Near the final arc of the film, Nat Love (Jonathan Majors) has to rob a bank in a white town in order to pay ransom to Rufus Buck (Idris Elba) and get Mary back. He needs an accomplice and everyone with him is both too dangerous and too recognizable to go into the white town…except for Cuffee. The reveal comes from the group in a clearing and Love tosses a bright red dress at Cuffee, showing that he knows what Cuffee “really” is and has the whole time. When Cuffee strips down in front of the group of cis men – which is a major no-no for this trope – Jim Beckwourth (RJ Cyler) comments, with relief in his voice as he stares and what’s implied to be Cuffee’s body nude from the waist down, that “I thought I was falling for a man”. (There’s some paraphrasing there because I’ve already passed that scene once and I won’t be looking back.)
While Cuffee in this film is, like many of the other characters in this film, based off of real people who existed, the liberties taken here are upsetting. The real Cuffee, Cathay Williams, supposedly hid her identity and enlisted under a different, male name. That’s completely different from Cuffee in The Harder They Fall, who’s shown living as a man in the film, not as a woman hiding her identity to enlist in the military or as a protective measure.
This isn’t the only frustrating aspect of The Harder They Fall – which is plagued by colorist casting (Zazie Beetz’s Mary looks nothing like the real Stagecoach Mary at any point of her life and that is because Mary is Love’s love interest while Trudy (Regina King) is mostly desexualized even though she is sort of Buck’s love interest), the absence of Black Natives in the cast, and just… no Natives period (the closest we come is Cherokee Bill and he also looks nothing like he did historically).
However, for me? It is the most frustrating.
Queer Black people are constantly told that we don’t belong in “real” Black spaces.
Queerness is seen as a “white people thing” even though queer Black people make up massive amounts of the queer communities here in the United States. It’s why Dave Chappelle’s whole thing is positioning queerness – and especially being trans – as something only white people do or claim to get out of criticism or to center themselves in conversations or spaces they don’t belong. To a lot of people in our communities, “real” Black people wouldn’t be queer or trans or, if we are, it’s an entire thing to make fun of and mock.
As a queer non-binary Black person, it’s frankly upsetting to be jolted out of this world, the fantasy of the Western (“but for Black people”) because the people working on this film just had to get in the dig. It just had to remind us of what they think we are and what they think falling for us would be like. It is so jarring, so painful to watch a movie like this where you’re vibing with the great soundtrack and on the side of the main characters for about two thirds of the film and then wham –
There comes the reminder that this isn’t for us either.

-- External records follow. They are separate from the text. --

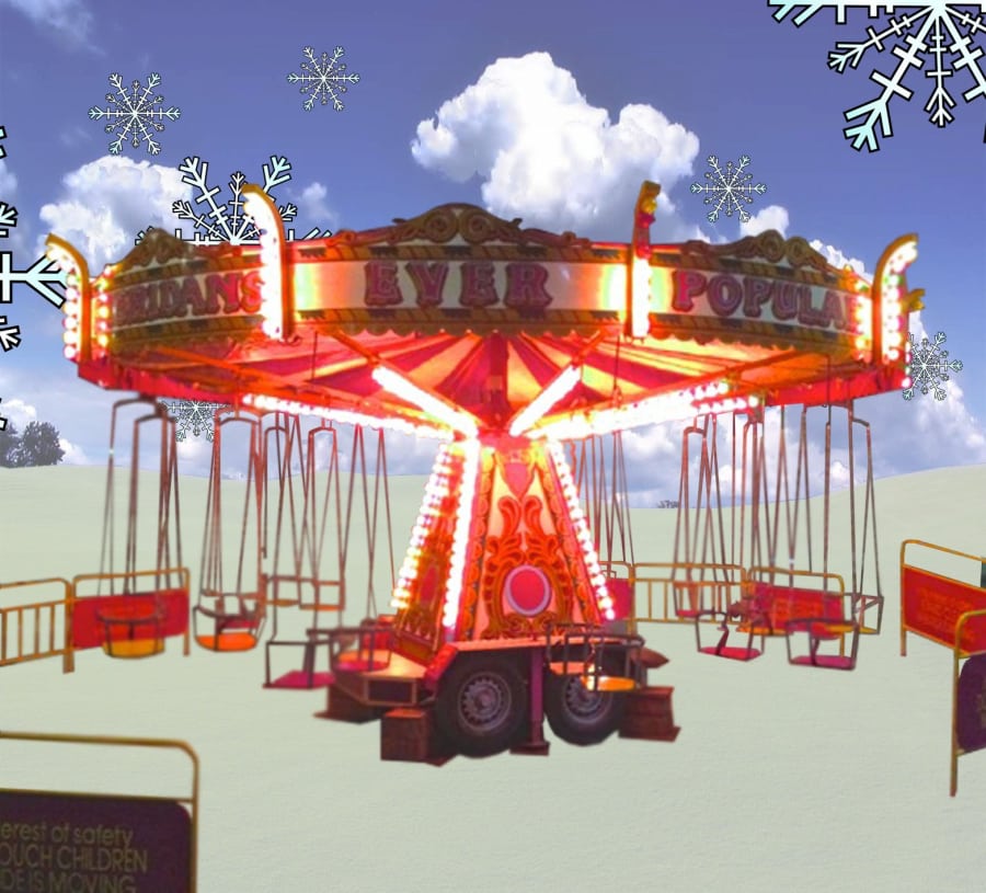 A spinning Chair-o-Plane Carousel for use at many types of event, suitable for smaller children. Features the option of lights and music!
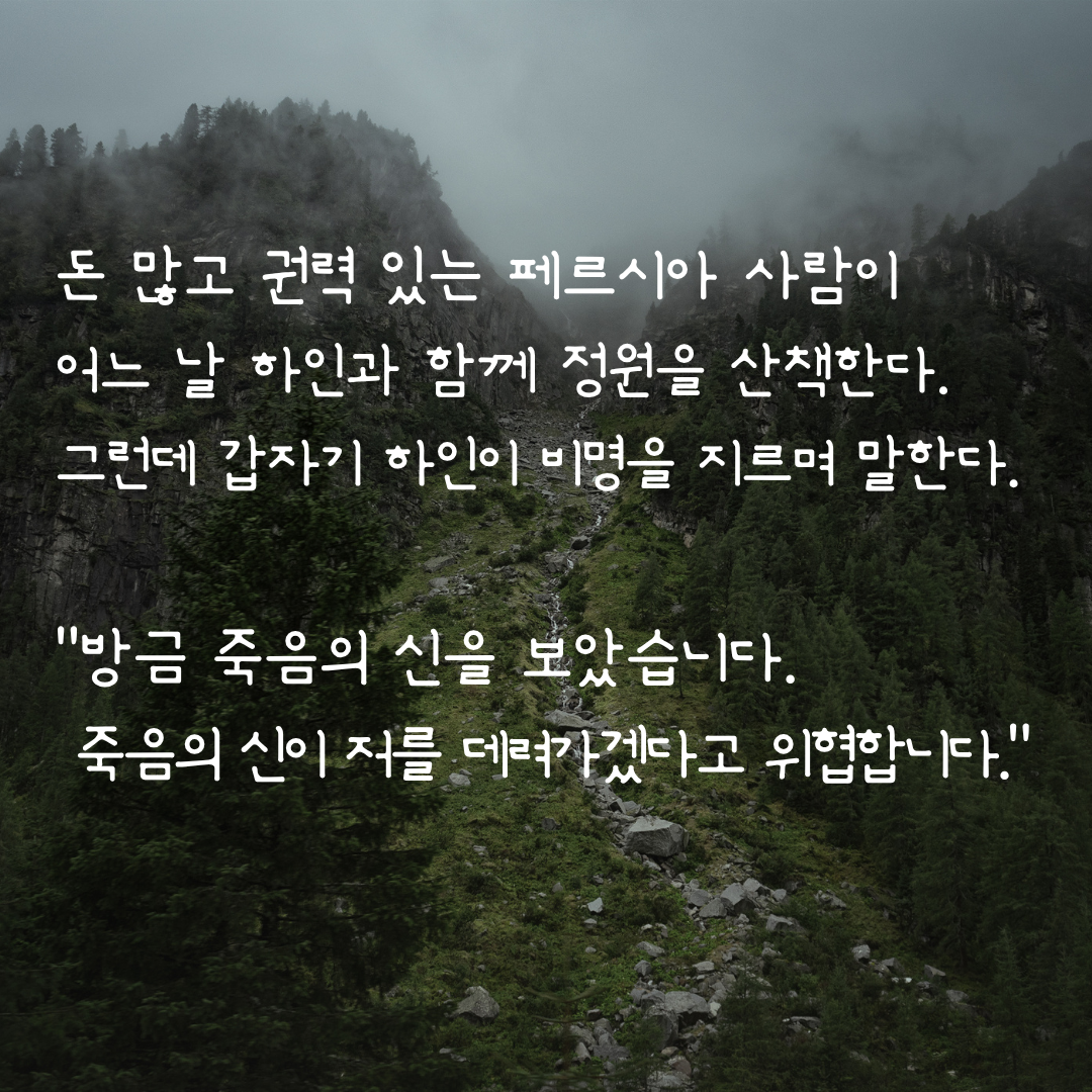 서머싯 몸의 <테헤란에서의 죽음>에서 하인은 죽을 운명을 받아들이지 못하고 도망치지만 결국 죽음으로 향해 간다. 하이데거의 말처럼 인간은 죽음을 향해 가는 존재이다. 오직 인간만이 자신의 죽음을 자각하며 살아가는 유일한 존재이며, 그것은 어쩌면 큰 축복이다. 삶의 유한함을 알기에 현재를 소중히 살아갈 수 있다. 작가 앤 라모트는 『쓰기의 감각』에서 이렇게 말한다.
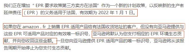 (2)向德国/法国进口需要符合EPR要求的商品;
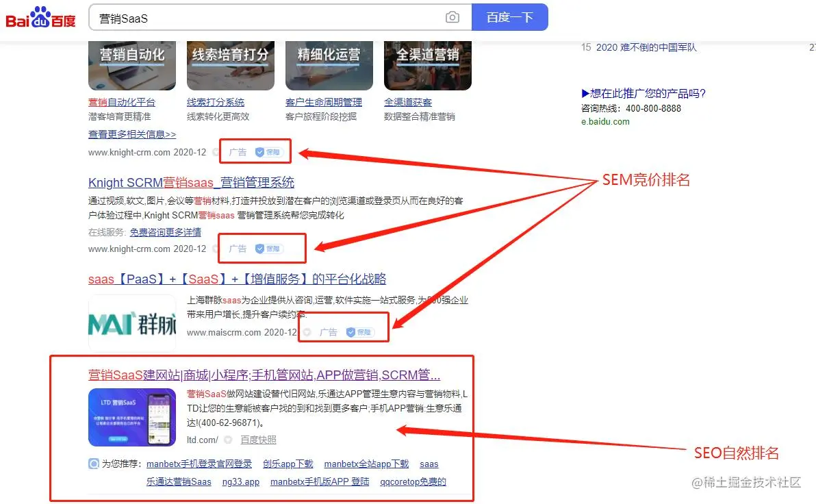 这里要区分一下,我们在搜索引擎中搜索某一个关键词时出来的结果主要是由SEM竞价排名和SEO自然排名两个部分组成。
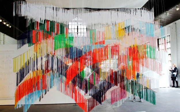 Outi Pieski sai keväällä Suomen taideakatemian palkinnon, johon sisältyy julkaisu ja yksityisnäyttely Espoon modernin taiteen museo EMMAssa vuonna 2018. ”Our land, our running colours” -teos on tehty saamenpuvun huivilangoista.
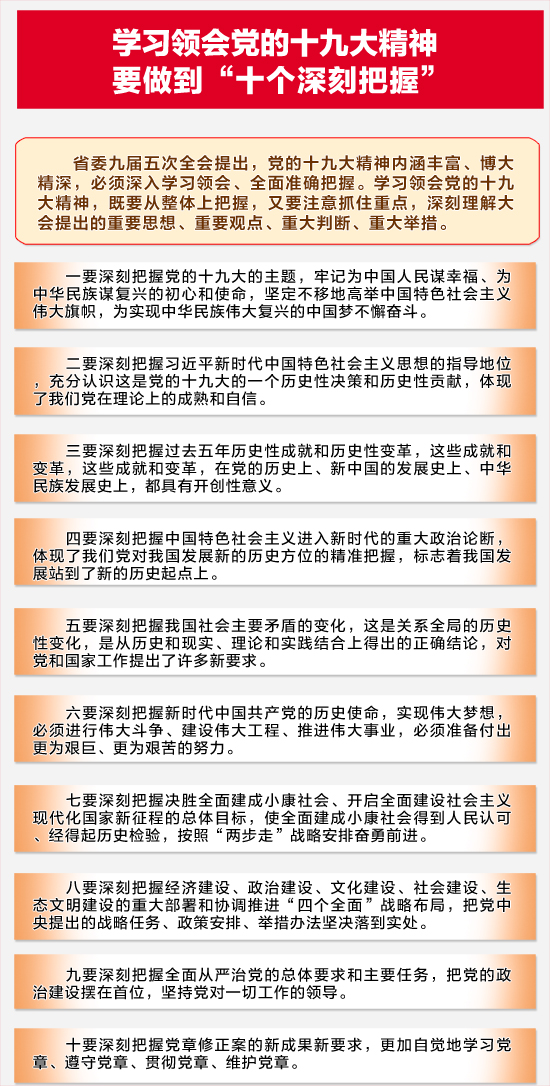 全会提出,既要从整体上把握,又要注意抓住重点,深刻理解大会提出的重要思想、重要观点、重大判断、重大举措。为此,全会明确了需要深刻把握的十方面重点,涉及党的十九大的主题、习近平新时代中国特色社会主义思想的指导地位、过去五年历史性成就和历史性变革、新时代重大政治论断等。
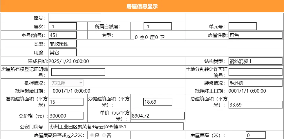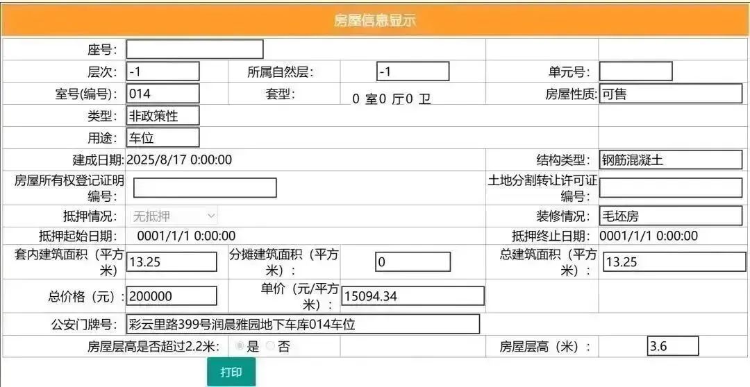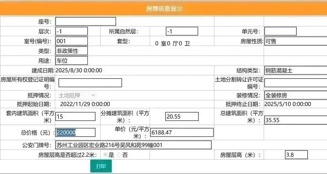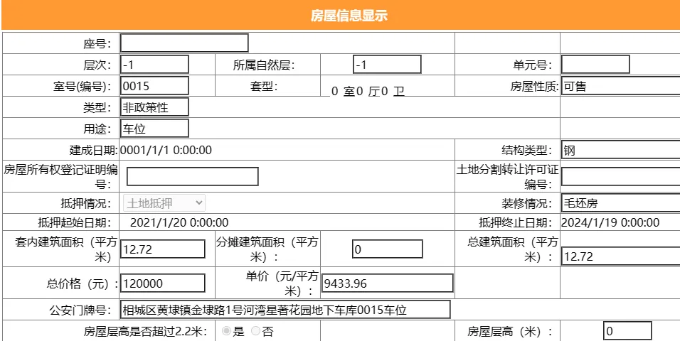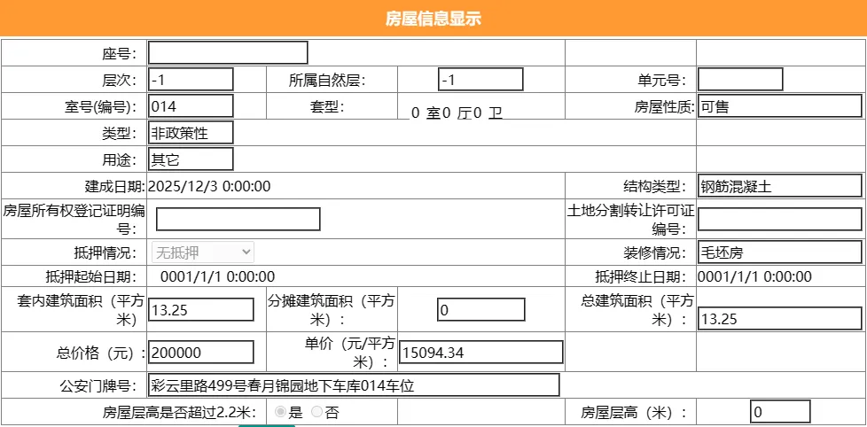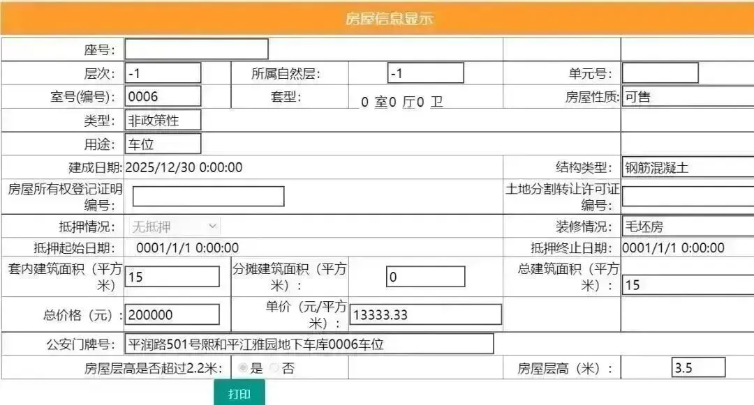 其车位总建筑面积15平,套内建筑面积15平,备案均价13333.33元/平,备案总价20万元。

There comes the reminder that we aren’t “really” what we say we are/know ourselves to be.
Sorry not sorry to be so “sensitive” but… I grew up on Westerns. Sat at my daddy’s knee and watched all of the “greats” to the point where I had to actively unlearn what Westerns taught me about this country. I’m used to feeling like I don’t belong because the “Golden Age” of Westerns makes it clear that Black people didn’t belong and neither did Natives (outside of racist portrayals for us both). And now we have The Harder They Fall and while it does some solid, beautifully shot work to rectify the position of Black people in a history we were a part of, it does fuckall about other issues and even introduces new issues.
Because, like Nate Parker’s 2016 Birth of a Nation, this film is ultimately a fantasy of Black masculinity that doesn’t treat identity as intersectional at any level. Not for real.
This film is not accurate about what happened to any of those characters in history (half of those people lived pretty long, actually)… or about race back them – it’s really not. Even the dialogue is less accurate, more modern, than that of The Magnificent Seven with Denzel and them… And yet it chooses to be “historically accurate” about gender with what is a plainly transphobic reveal that turns Cuffee into a joke both in front of the “team” and then in front of bank tellers and clients at the white town.
Are you kidding me?
I’m so tired.
Wow, and Stagecoach Mary’s casting was already disappointing enough! Consuming media as a black queer person can be such a challenge. I often feel like I have to deliberately shut down one aspect of myself to enjoy something uncritically (and that hardly helps either).